This is a follow-on to Dr. Shifrin's comment about depicting the derivative of a polar coordinate transformation. He said "The row vectors you don't see so much geometrically." I agree with him, when it comes to the depiction in $x\times{y}$-space. And I'm not suggesting he should have taken the tangent I took during his lecture.
https://youtu.be/dxt3eZ2zLq4?t=415
But I did think: the rows are one-forms. They are the gradients of the $x\times{y}$ coordinates with respect to the $r\times{\phi}$ coordinates. The place to depict them is in $r\times{\phi}$-space. A differential-forms purist would not depict them as arrows, but rather as level surfaces. Nonetheless, I used arrows. The representations are not to scale. Nor do they represent the same point of evaluation. I am confident the component representations are correct.
My question is at the bottom
The next part is just context, and my demonstration that I have some clue as to what this all means.

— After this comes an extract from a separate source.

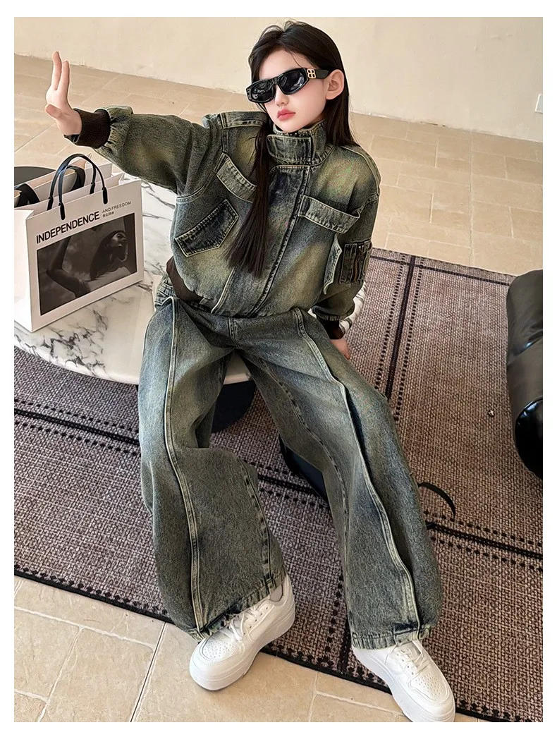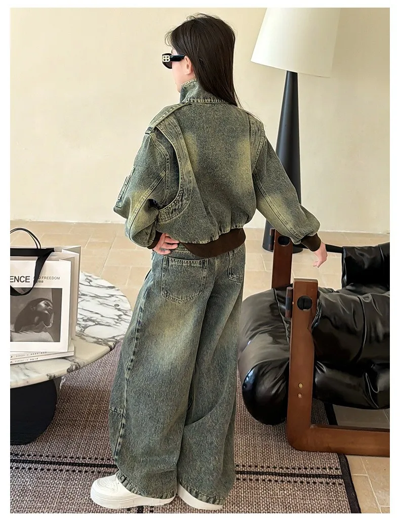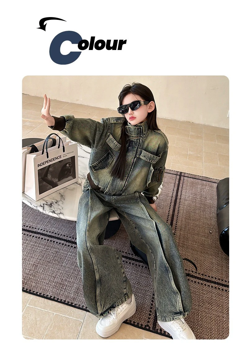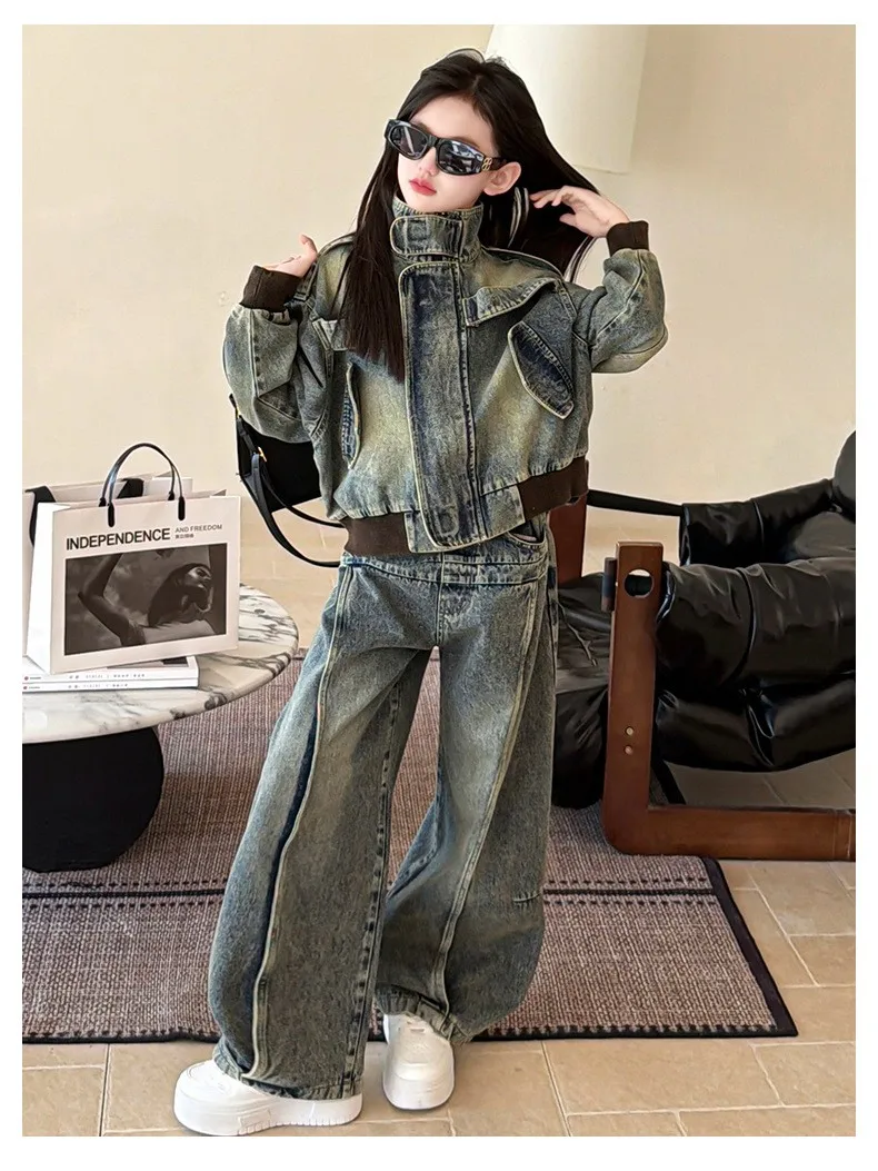 Conjunto jeans retrô americano para meninas, primavera 2026, novo estilo, casaco com gola abotoada e calças até o chão Set5-13Y
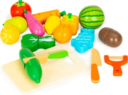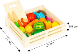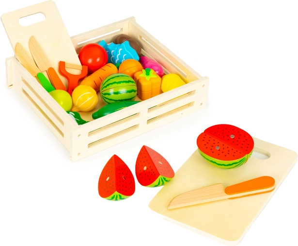 Dank magnetischer Verbindungen lassen sich die einzelnen Stücke mit dem Holzmesser sicher 'aufschneiden' und wieder zusammenfügen. So fördert das Spiel die Feinmotorik, die Hand-Auge-Koordination und das Lernen durch Nachahmung. Die praktische Holzbox erleichtert das Verstauen aller Teile.

Beginning with the transformation $$\vec{r}^{\prime}=\begin{bmatrix}\cos\phi & -r\sin\phi\\ \sin\phi & r\cos\phi \end{bmatrix}=\begin{bmatrix}\partial_{r}\vec{r} & \partial_{\phi}\vec{r}\end{bmatrix}=\begin{bmatrix}d_{\mathbf{u}}x\\ d_{\mathbf{u}}y. \end{bmatrix}$$
It seems correct to say $$\left|\vec{r}^{\prime}\right|=\partial_{r}\vec{r}\wedge\partial_{\phi}\vec{r}=d_{\mathbf{u}}x\wedge d_{\mathbf{u}}y.$$
So the determinant is a differential two-form. Were the depictions drawn to scale, the vector parallelograms in both diagrams would contain the same number of squares to the first order. That relation becomes equality in the limit. So my pictures say the same thing as
$$\begin{aligned} dx&=\partial_{r}xdr+\partial_{\phi}xd\phi\\ dy&=\partial_{r}ydr+\partial_{\phi}yd\phi\\ dx\wedge dy&=\left(\partial_{r}x\partial_{\phi}y-\partial_{r}y\partial_{\phi}x\right)dr\wedge d\phi . \end{aligned}$$
If there were a one-form $\omega$ such that $$\begin{aligned} \omega&=w_{x}dx+w_{y}dy\\ d\omega&=\left(\partial_{x}w_{y}-\partial_{y}w_{x}\right)dx\wedge dy=dx\wedge dy , \end{aligned}$$
then we could find the area of the depicted region $\mathcal{R}$ by integrating over the boundary $$\int_{\partial\mathcal{R}}\omega=\int_{\mathcal{R}}d\omega=a\left(\mathcal{R}\right).$$
So lets try this: $$\begin{aligned} \omega&=\frac{-ydx+xdy}{2}\\ d\omega&=\left(\partial_{x}x-\partial_{y}\left(-y\right)\right)dx\wedge dy=dx\wedge dy\\ dx&=\partial_{r}xdr+\partial_{\phi}xd\phi=\cos\phi dr-r\sin\phi d\phi\\ dy&=\partial_{r}ydr+\partial_{\phi}yd\phi=\sin\phi dr+r\cos\phi d\phi\\ \omega&=\frac{-ydx+xdy}{2}\\ &=\frac{-r\sin\phi\left(\cos\phi dr-r\sin\phi d\phi\right)+r\cos\phi\left(\sin\phi dr+r\cos\phi d\phi\right)}{2}\\ &=\frac{r^{2}}{2}d\phi .\end{aligned}$$
Eyeballing the integral gives
$$\frac{\left(r_{o}+\Delta r\right)^{2}-r_{o}^{2}}{2}\Delta\phi=\left(r_{o}+\frac{\Delta r}{2}\right)\Delta r\Delta\phi .$$
Great! I spent a day doing what I could have done in less than 5 minutes!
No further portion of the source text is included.